Locate the line that contains "好吧,只要運行像 Geekbench 這樣的基本基準測試,VisionFive" in the data that follows. Copy it and every subsequent line to the end, exactly, excluding pictures.

DATA SHOWN:
********

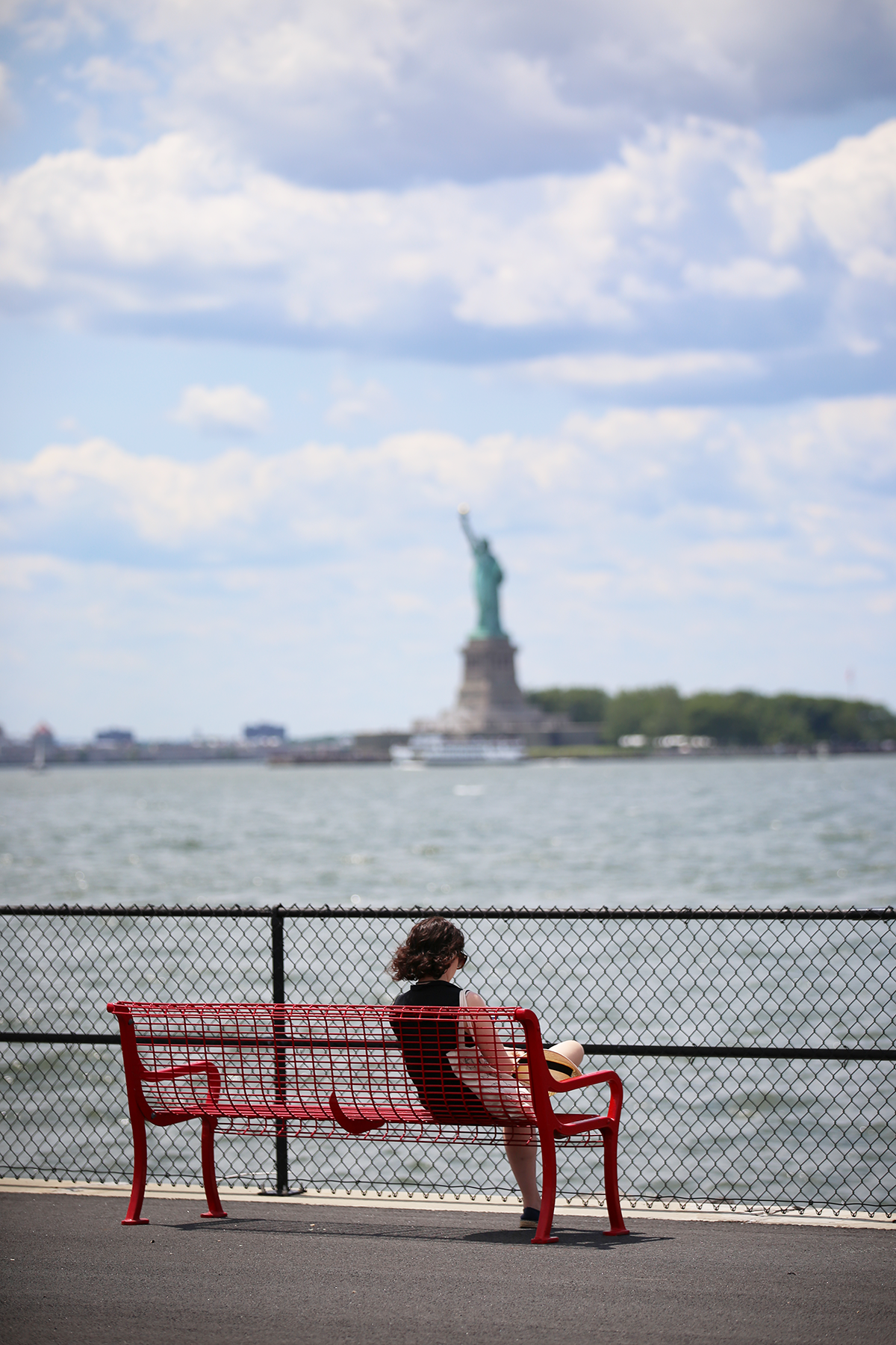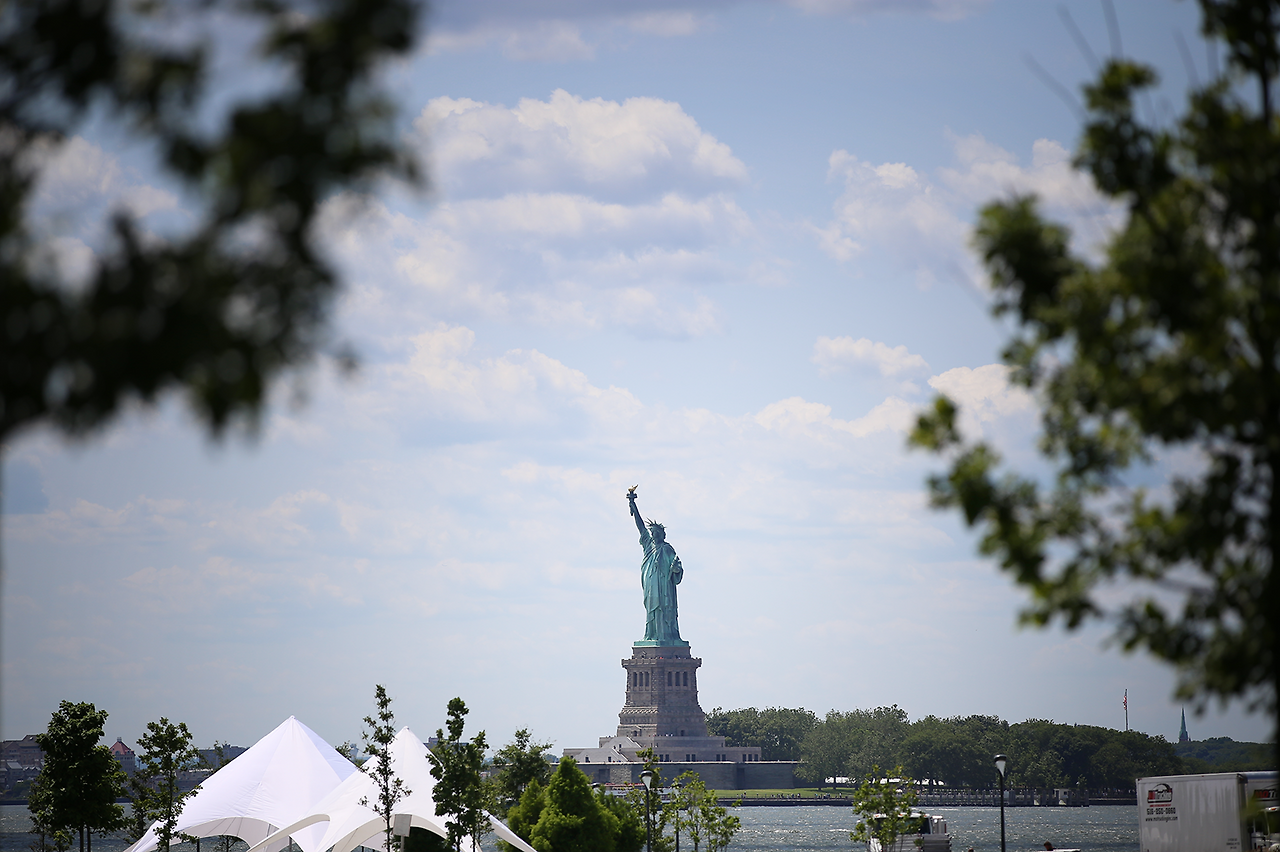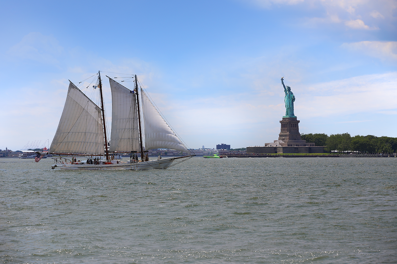 자유의여신상이 보이는 작은 섬,
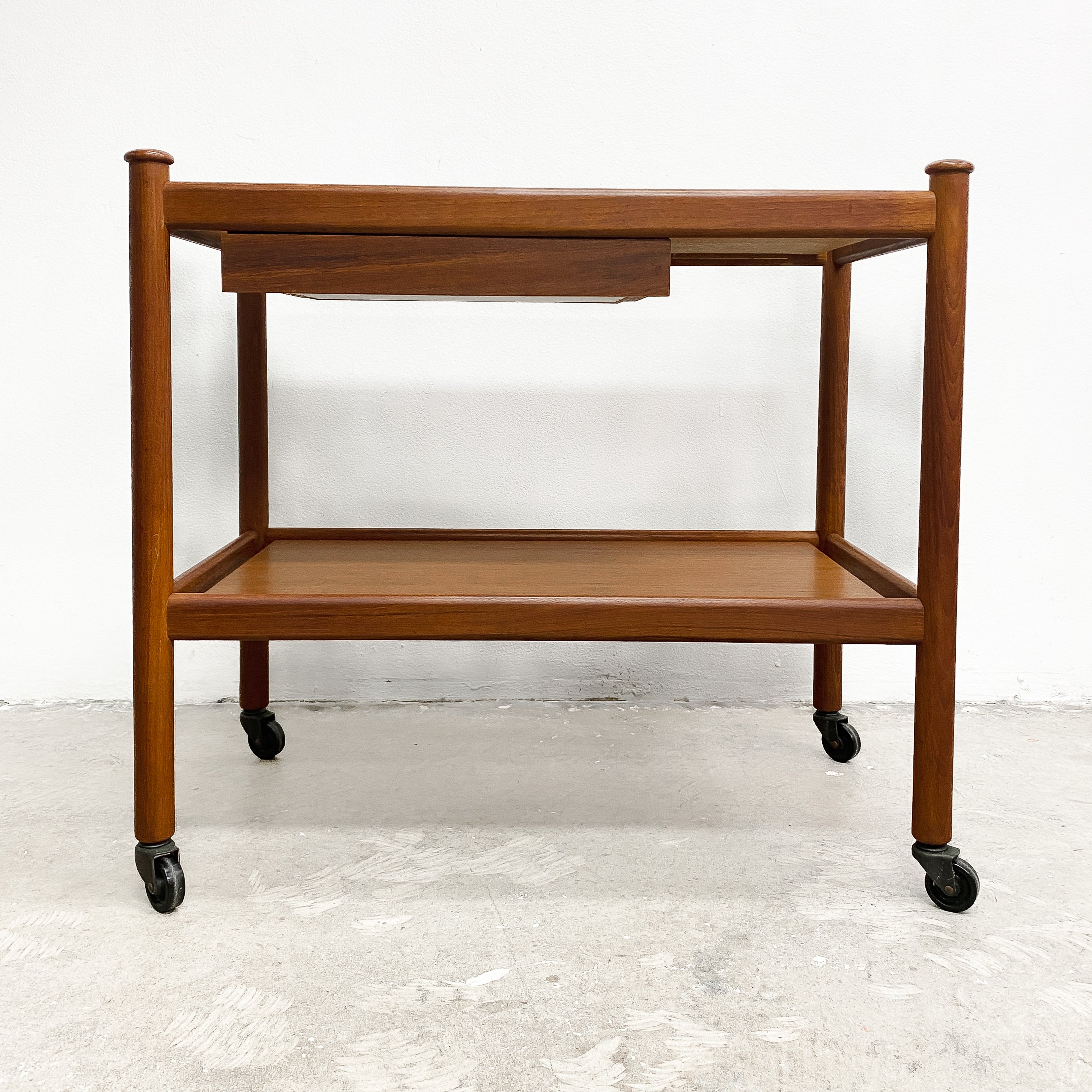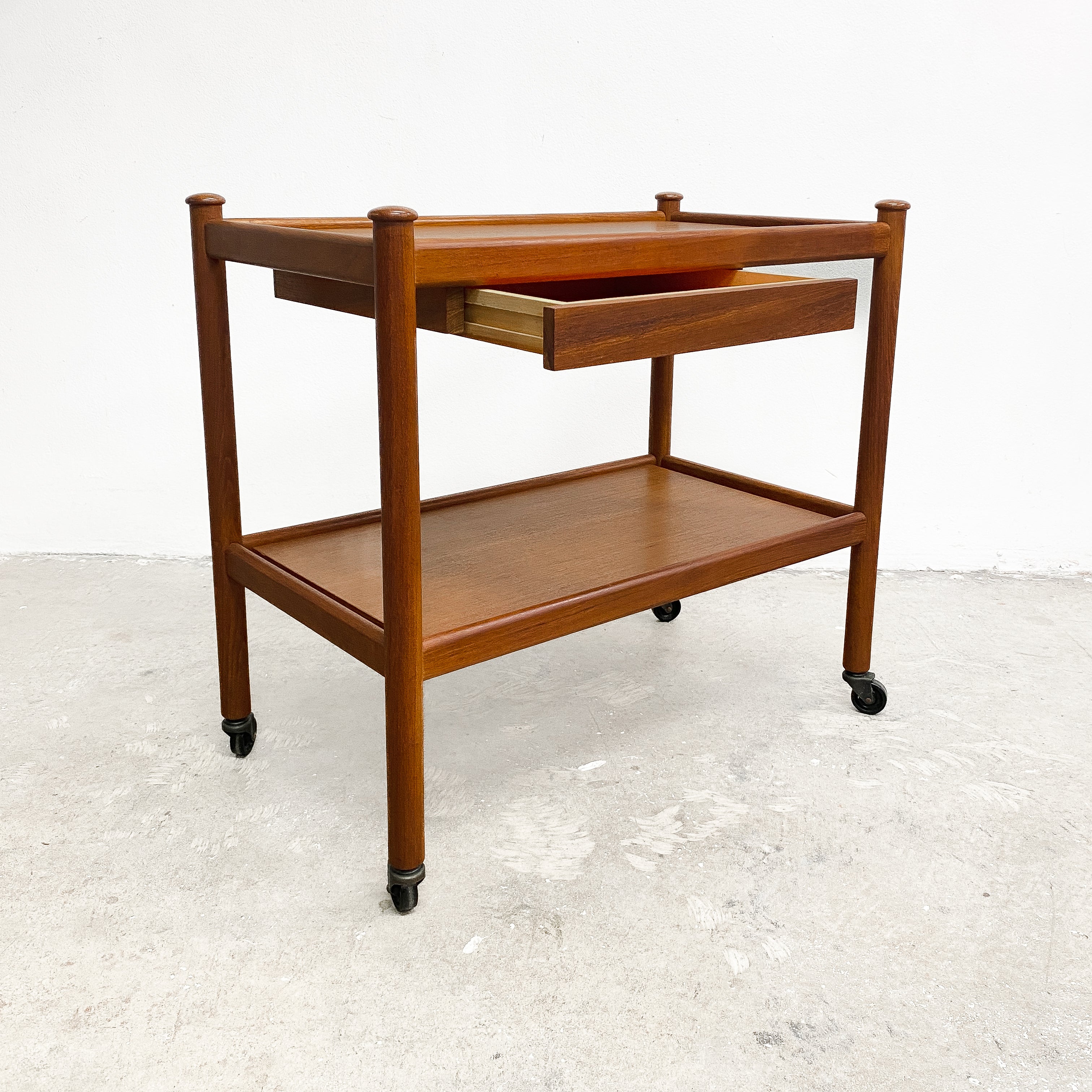 Classic mid century Parker two tier teak drinks trolley, with a orange felt lined drawer. The perfect addition to any living room or bar, and could also easily function as a side table.
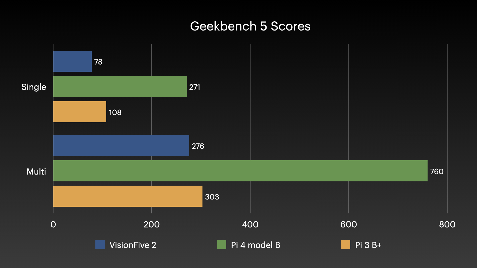 好吧,只要運行像 Geekbench 這樣的基本基準測試,VisionFive 2 的單核得分為 78,多核得分為 276。
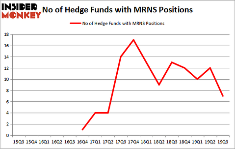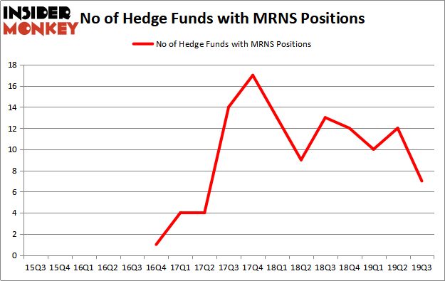 At Q3’s end, a total of 7 of the hedge funds tracked by Insider Monkey were bullish on this stock, a change of -42% from one quarter earlier. The graph below displays the number of hedge funds with bullish position in MRNS over the last 17 quarters. With hedgies’ sentiment swirling, there exists a select group of key hedge fund managers who were boosting their holdings significantly (or already accumulated large positions).

********

SOLUTION TO THIS TASK:
 好吧,只要運行像 Geekbench 這樣的基本基準測試,VisionFive 2 的單核得分為 78,多核得分為 276。
 At Q3’s end, a total of 7 of the hedge funds tracked by Insider Monkey were bullish on this stock, a change of -42% from one quarter earlier. The graph below displays the number of hedge funds with bullish position in MRNS over the last 17 quarters. With hedgies’ sentiment swirling, there exists a select group of key hedge fund managers who were boosting their holdings significantly (or already accumulated large positions).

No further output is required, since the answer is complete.